__PROBLEM TO SOLVE__
This calls for a word-for-word copy of all the data, with each picture removed.

__SUPPLIED MATERIAL__
+--
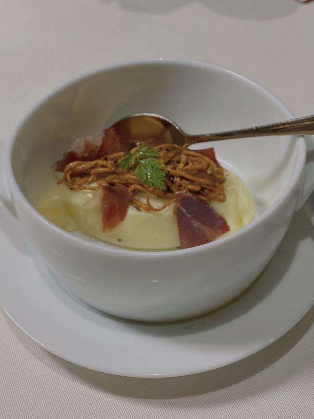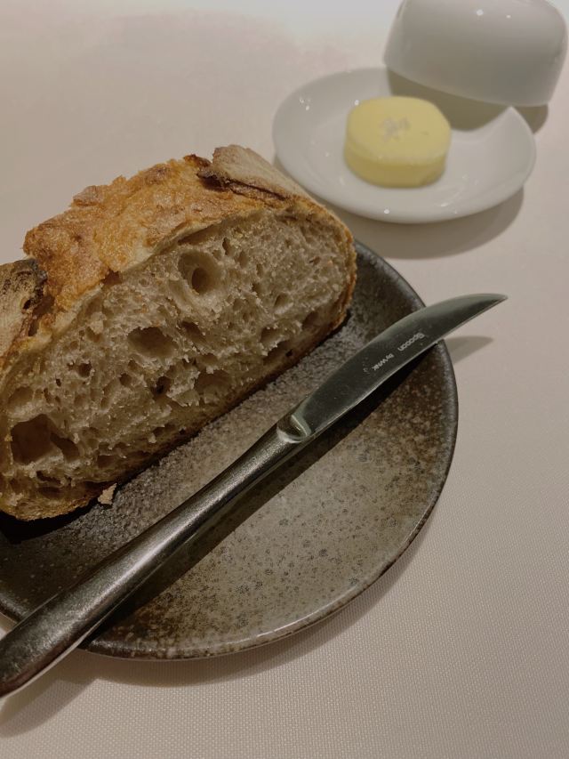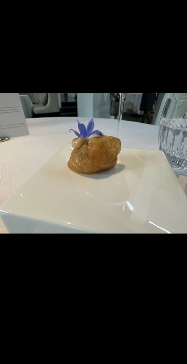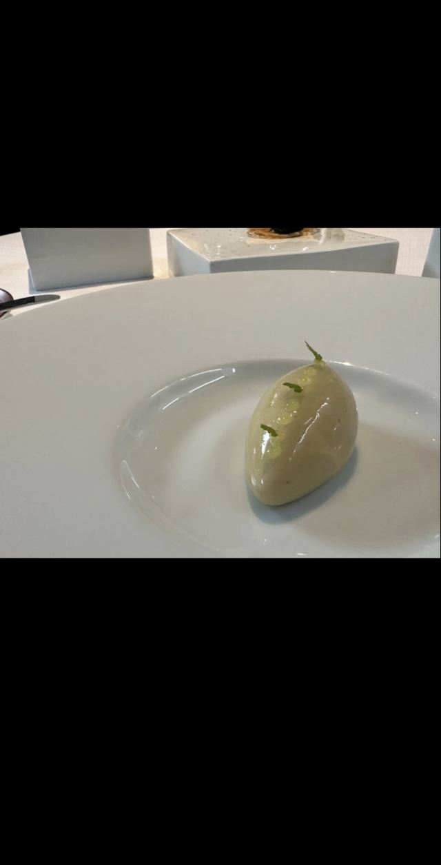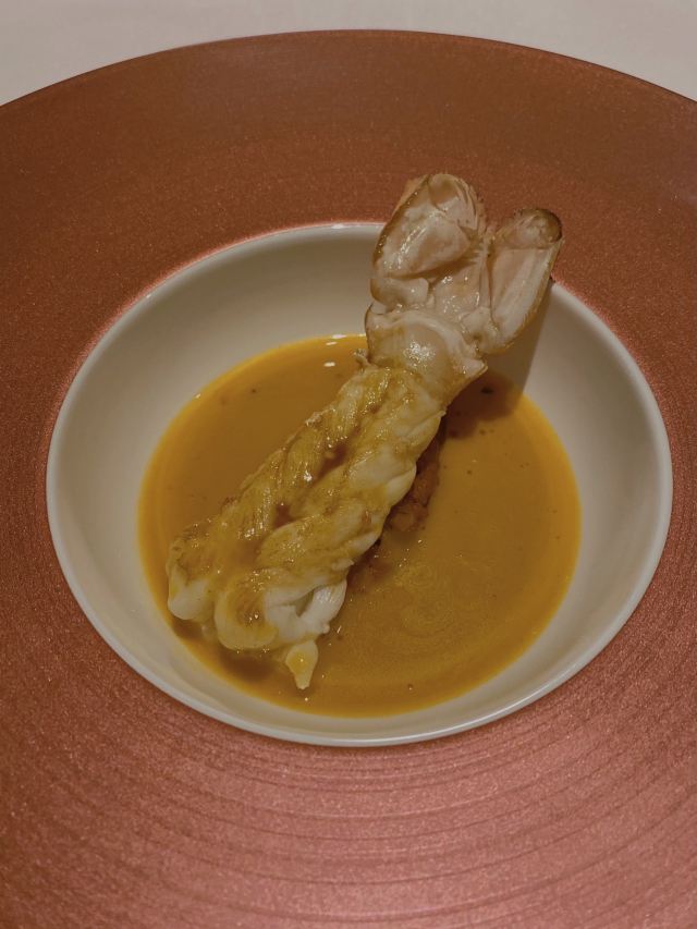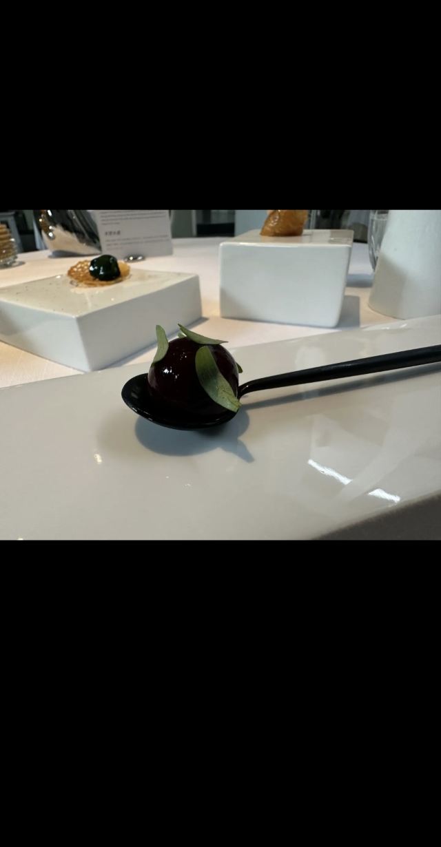 熊勃然Elsa「鱼子酱挞」 能吃出鱼子酱咸咸的味道,塔底是很薄很脆的那种,在鱼子酱和塔底中间还能吃出带子肉的感觉,咀嚼间还有一点点柠檬的香气。 「鹅肝泥」 咸口儿的鹅肝酱搭配着一块超小的饼底,鹅肝吃着有点腻,饼底因为鹅肝酱中的水分而变得有点湿软,失去了口感上的层次感。 「奶酪泡芙」 吃的时候还是温热的,里面是咸口儿的奶酪酱,还有人说吃出了黄芥末的感觉。 「栗子红薯慕斯」 红薯、板栗这两者感觉是非常秋天的搭配,外面罩着一层用法国甜酒做的啫喱来增添另一种风味,内里的慕斯吃起来是甘甜而有creamy的。 「餐前面包」 现在只提供了一种外观质朴的酸面包,搭配没有任何调味的黄油,感觉有点糊弄了。 「鳇鱼子酱 甜玉米泥」 从上到下依次是鳇鱼子酱、龙虾汤做的啫喱以及玉米慕斯,前两者的咸搭配着后者的甜,味道上还可以,不过作为前菜,感觉还是有点heavy了。 「日本金枪鱼塔塔 海藻乳沫」 上面是金枪鱼碎,下面是根芹碎,旁边搭配了三种不同的酱汁。个人觉得金枪鱼的部分有点腥,和下面的根芹也不是很融合的感觉。棕色的酱汁是甜甜的,绿色和白色的酱是偏creamy的感觉。 「海熬虾」 海熬虾下面配的是手捣的日本樱桃番茄,淋的酱汁是用大闸蟹做的酱汁。海熬虾吃起来QQ弹弹的,味道十分甘甜,番茄吃起来很像意面的罗勒红酱的感觉,整体上的味道就是咸鲜甜微酸。 「金目鲷 马赛鱼汤酱」 鱼肉的皮不脆,本身味道也很清淡,马赛鱼汤酱也比较清淡,旁边搭配的另外两种酱汁味道上比较清新,但也都属于清淡挂的。配菜的莴笋和芦笋烹饪得有些过了,软软的不够脆嫩。 「牛肉 波尔多红酒酱」 牛肉用的是M9级别的,熟度做成了medium,外脆里嫩。配菜是牛肝菌和菠菜泥,菠菜吃出了一点点苦味。酱汁有红酒酱和黑松露酱,但没有吃出两种酱的特别风味。 「土豆泥」 搭配牛肉的土豆泥上面点缀了虫草花和西班牙5J火腿,味道中规中矩。 「芒果 热情果 香草沙巴庸」 芒果摆成了花的样子,下面是香草沙巴庸,旁边搭配了百香果酱、柠檬酱以及日本黑糖酱。沙巴庸里面据说还放了香槟,不过我倒没有吃出来,口中就只是类似化了都冰淇淋一样creamy的口感。芒果本身品质不错,所以这道甜品不算难吃。 「费南雪」 换了个形状,差点没认出来。最上面点缀了一点樱桃酱,多了一丝酸味来解腻。 「可露丽」 全场最佳,外脆里嫩,是一颗完美的可露丽该有的样子。
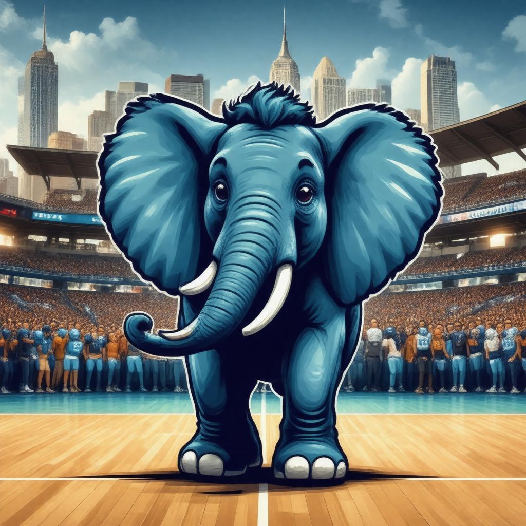 "Generate an image of the New York Liberty team logo or a representative scene featuring the team's colors (seafoam green, black, and white) and mascot Ellie the Elephant, in front of a New York City skyline or the Barclays Center arena, in a dynamic and vibrant sports illustration style."
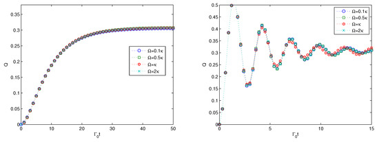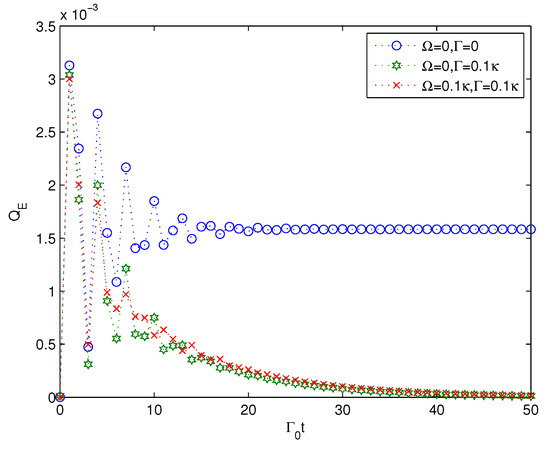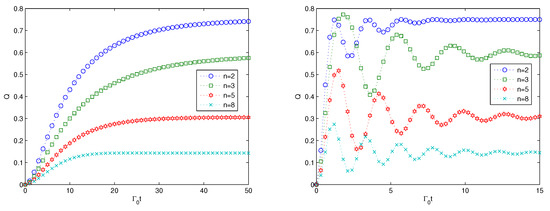 where n is the size of the system. is the linear entropy of the ith qubit and the linear entropy is expressed as . Since the linear entropy of one subsystem of a pure state is an entanglement monotone [86] (it does not increase under local operations and classical communication), and is a valid entanglement measure. A concave function of the linear entropy is also an entanglement monotone. Therefore, the average linear entropy Q is an entanglement monotone and can be employed to study the multipartite entanglement generation. Here, in slight contrast to the definition in [85], we consider only the multipartite entanglement of the n-qubit system and do not take the linear entropy of the environment into account because the multipartite entanglement of the n-qubit system should be examined independently. For instance, given a W-type state with a size of 5, the linear entropy takes a value of 0.4. Through calculation, we get the linear entropy of the n-qubit quantum states by tracing the degrees of freedom of the structured environment off the composite state in Equation (5) in the following expression:
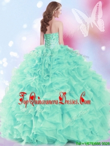 2017 Modest Beaded and Ruffled Quinceanera Dress in Apple Green
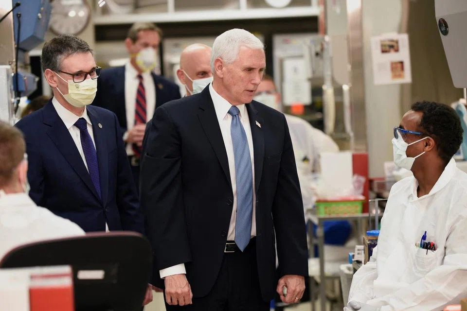 Mr Pence was photographed during the April visit as the lone person not wearing a face mask alongside patients and healthcare professionals. He previously defended the decision, citing US Centers for Disease Control and Prevention guidelines that say a mask primarily serves to prevent wearers from spreading the infection, not from guarding against it.
+--
__RESULT OF THIS EXERCISE__
 熊勃然Elsa「鱼子酱挞」 能吃出鱼子酱咸咸的味道,塔底是很薄很脆的那种,在鱼子酱和塔底中间还能吃出带子肉的感觉,咀嚼间还有一点点柠檬的香气。 「鹅肝泥」 咸口儿的鹅肝酱搭配着一块超小的饼底,鹅肝吃着有点腻,饼底因为鹅肝酱中的水分而变得有点湿软,失去了口感上的层次感。 「奶酪泡芙」 吃的时候还是温热的,里面是咸口儿的奶酪酱,还有人说吃出了黄芥末的感觉。 「栗子红薯慕斯」 红薯、板栗这两者感觉是非常秋天的搭配,外面罩着一层用法国甜酒做的啫喱来增添另一种风味,内里的慕斯吃起来是甘甜而有creamy的。 「餐前面包」 现在只提供了一种外观质朴的酸面包,搭配没有任何调味的黄油,感觉有点糊弄了。 「鳇鱼子酱 甜玉米泥」 从上到下依次是鳇鱼子酱、龙虾汤做的啫喱以及玉米慕斯,前两者的咸搭配着后者的甜,味道上还可以,不过作为前菜,感觉还是有点heavy了。 「日本金枪鱼塔塔 海藻乳沫」 上面是金枪鱼碎,下面是根芹碎,旁边搭配了三种不同的酱汁。个人觉得金枪鱼的部分有点腥,和下面的根芹也不是很融合的感觉。棕色的酱汁是甜甜的,绿色和白色的酱是偏creamy的感觉。 「海熬虾」 海熬虾下面配的是手捣的日本樱桃番茄,淋的酱汁是用大闸蟹做的酱汁。海熬虾吃起来QQ弹弹的,味道十分甘甜,番茄吃起来很像意面的罗勒红酱的感觉,整体上的味道就是咸鲜甜微酸。 「金目鲷 马赛鱼汤酱」 鱼肉的皮不脆,本身味道也很清淡,马赛鱼汤酱也比较清淡,旁边搭配的另外两种酱汁味道上比较清新,但也都属于清淡挂的。配菜的莴笋和芦笋烹饪得有些过了,软软的不够脆嫩。 「牛肉 波尔多红酒酱」 牛肉用的是M9级别的,熟度做成了medium,外脆里嫩。配菜是牛肝菌和菠菜泥,菠菜吃出了一点点苦味。酱汁有红酒酱和黑松露酱,但没有吃出两种酱的特别风味。 「土豆泥」 搭配牛肉的土豆泥上面点缀了虫草花和西班牙5J火腿,味道中规中矩。 「芒果 热情果 香草沙巴庸」 芒果摆成了花的样子,下面是香草沙巴庸,旁边搭配了百香果酱、柠檬酱以及日本黑糖酱。沙巴庸里面据说还放了香槟,不过我倒没有吃出来,口中就只是类似化了都冰淇淋一样creamy的口感。芒果本身品质不错,所以这道甜品不算难吃。 「费南雪」 换了个形状,差点没认出来。最上面点缀了一点樱桃酱,多了一丝酸味来解腻。 「可露丽」 全场最佳,外脆里嫩,是一颗完美的可露丽该有的样子。
 "Generate an image of the New York Liberty team logo or a representative scene featuring the team's colors (seafoam green, black, and white) and mascot Ellie the Elephant, in front of a New York City skyline or the Barclays Center arena, in a dynamic and vibrant sports illustration style."
 where n is the size of the system. is the linear entropy of the ith qubit and the linear entropy is expressed as . Since the linear entropy of one subsystem of a pure state is an entanglement monotone [86] (it does not increase under local operations and classical communication), and is a valid entanglement measure. A concave function of the linear entropy is also an entanglement monotone. Therefore, the average linear entropy Q is an entanglement monotone and can be employed to study the multipartite entanglement generation. Here, in slight contrast to the definition in [85], we consider only the multipartite entanglement of the n-qubit system and do not take the linear entropy of the environment into account because the multipartite entanglement of the n-qubit system should be examined independently. For instance, given a W-type state with a size of 5, the linear entropy takes a value of 0.4. Through calculation, we get the linear entropy of the n-qubit quantum states by tracing the degrees of freedom of the structured environment off the composite state in Equation (5) in the following expression:
 2017 Modest Beaded and Ruffled Quinceanera Dress in Apple Green
 Mr Pence was photographed during the April visit as the lone person not wearing a face mask alongside patients and healthcare professionals. He previously defended the decision, citing US Centers for Disease Control and Prevention guidelines that say a mask primarily serves to prevent wearers from spreading the infection, not from guarding against it.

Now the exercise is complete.